■ Goal of the exercise
Return the data below unchanged, without images.

■ Information supplied
● ● ● ●

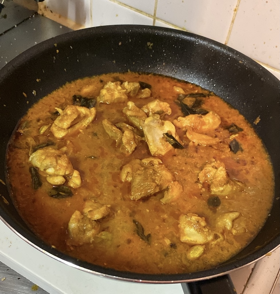 いつもは鉄フライパン使ってるけど、洗って加熱乾燥して放置してあったテフロン加工のフライパンがそのまま置いてあったので、コレでいいや、とそこにマスタードオイルを多分大さじ2位入れて弱火で加熱、そしてホールスパイス等加熱。使ったのはカルダモン・クローブ・クミン・フェンネル・マスタードシード、そしてベイリーフ、ドライカレーリフ、ヒングパウダー、多分それくらい。
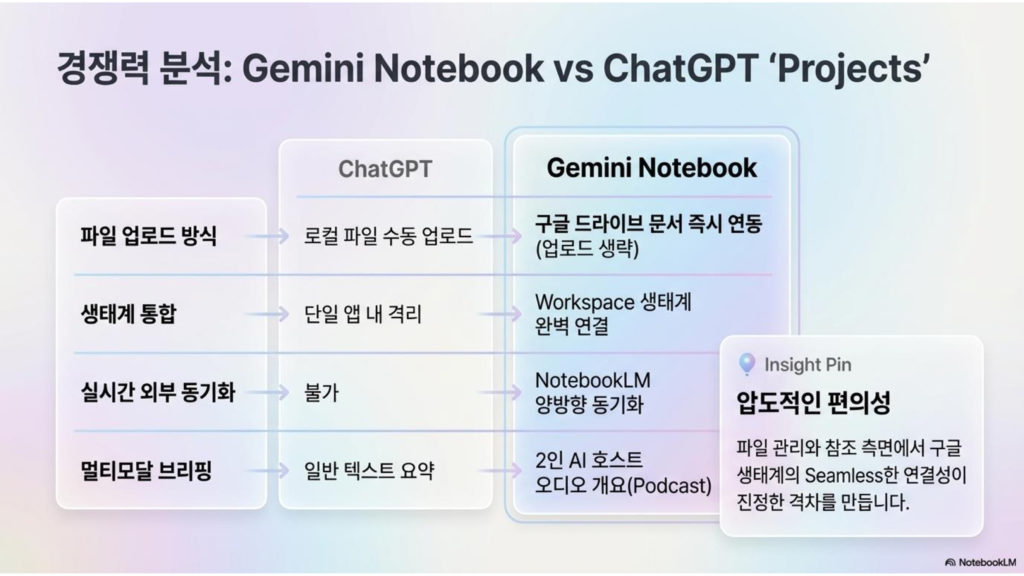 반면 Gemini Notebook은 구글 생태계 전체와 끊김 없이 연결돼요.
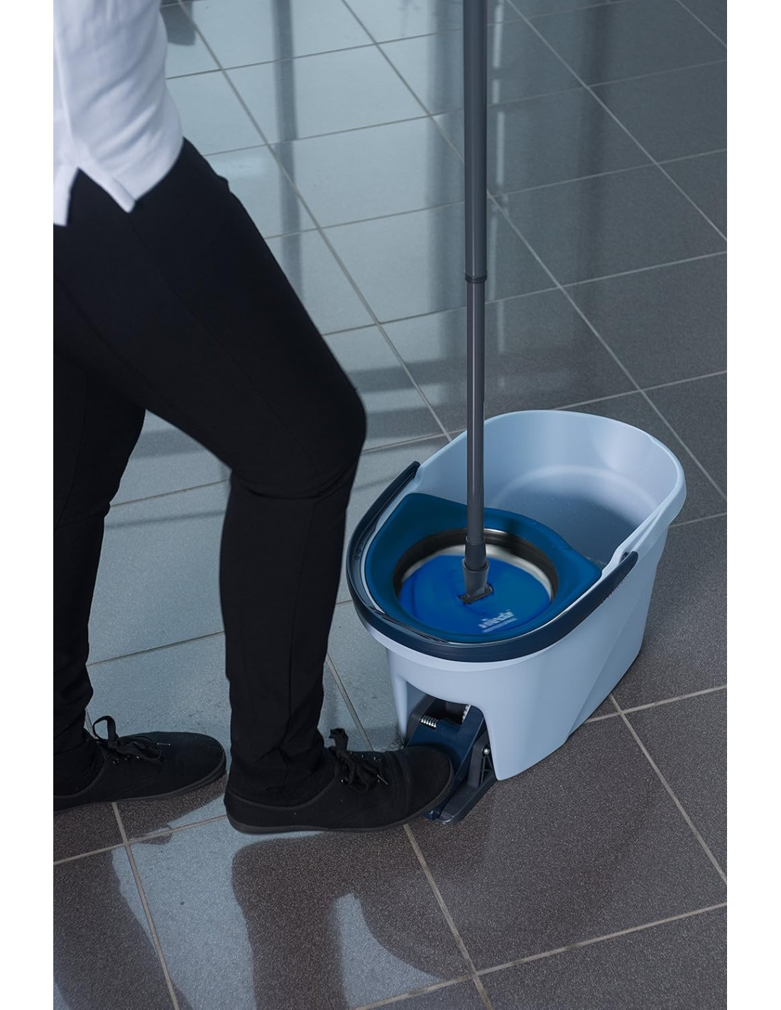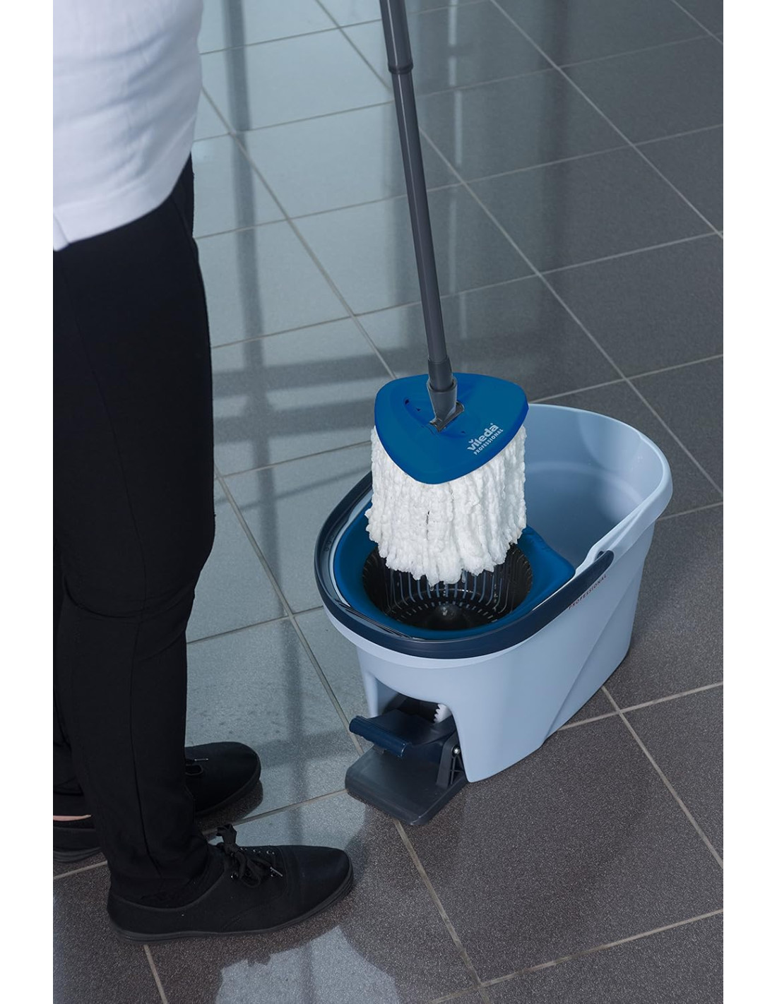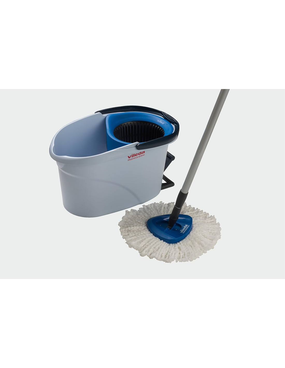 Ultraspin de Vileda es la evolución de la fregona tradicional. Su revolucionario escurridor por centrifugado reduce el esfuerzo y mala postura habitual cuando escurrimos la fregona en un cubo tradicional, con el Ultraspin de Vileda sólo presionando el pedal obtendremos un perfecto centrifugado ( podremos aplicar más o menos centrifugado al gusto). La mopa 100% de microfibras proporciona una limpieza superior a cualquier fregona tradicional, su forma triangular limpia con facilidad las esquinas, el trenzado y bordado de los cabos evitan que suelte pelos en el camino. Es válido para todo tipo de suelos o paredes. 12 litros de capacidad. COMPATIBLE CON CUALQUIER PALO DEL MERCADO DE ROSCA UNIVERSAL.

● ● ● ●

■ Exercise solution
 いつもは鉄フライパン使ってるけど、洗って加熱乾燥して放置してあったテフロン加工のフライパンがそのまま置いてあったので、コレでいいや、とそこにマスタードオイルを多分大さじ2位入れて弱火で加熱、そしてホールスパイス等加熱。使ったのはカルダモン・クローブ・クミン・フェンネル・マスタードシード、そしてベイリーフ、ドライカレーリフ、ヒングパウダー、多分それくらい。
 반면 Gemini Notebook은 구글 생태계 전체와 끊김 없이 연결돼요.
 Ultraspin de Vileda es la evolución de la fregona tradicional. Su revolucionario escurridor por centrifugado reduce el esfuerzo y mala postura habitual cuando escurrimos la fregona en un cubo tradicional, con el Ultraspin de Vileda sólo presionando el pedal obtendremos un perfecto centrifugado ( podremos aplicar más o menos centrifugado al gusto). La mopa 100% de microfibras proporciona una limpieza superior a cualquier fregona tradicional, su forma triangular limpia con facilidad las esquinas, el trenzado y bordado de los cabos evitan que suelte pelos en el camino. Es válido para todo tipo de suelos o paredes. 12 litros de capacidad. COMPATIBLE CON CUALQUIER PALO DEL MERCADO DE ROSCA UNIVERSAL.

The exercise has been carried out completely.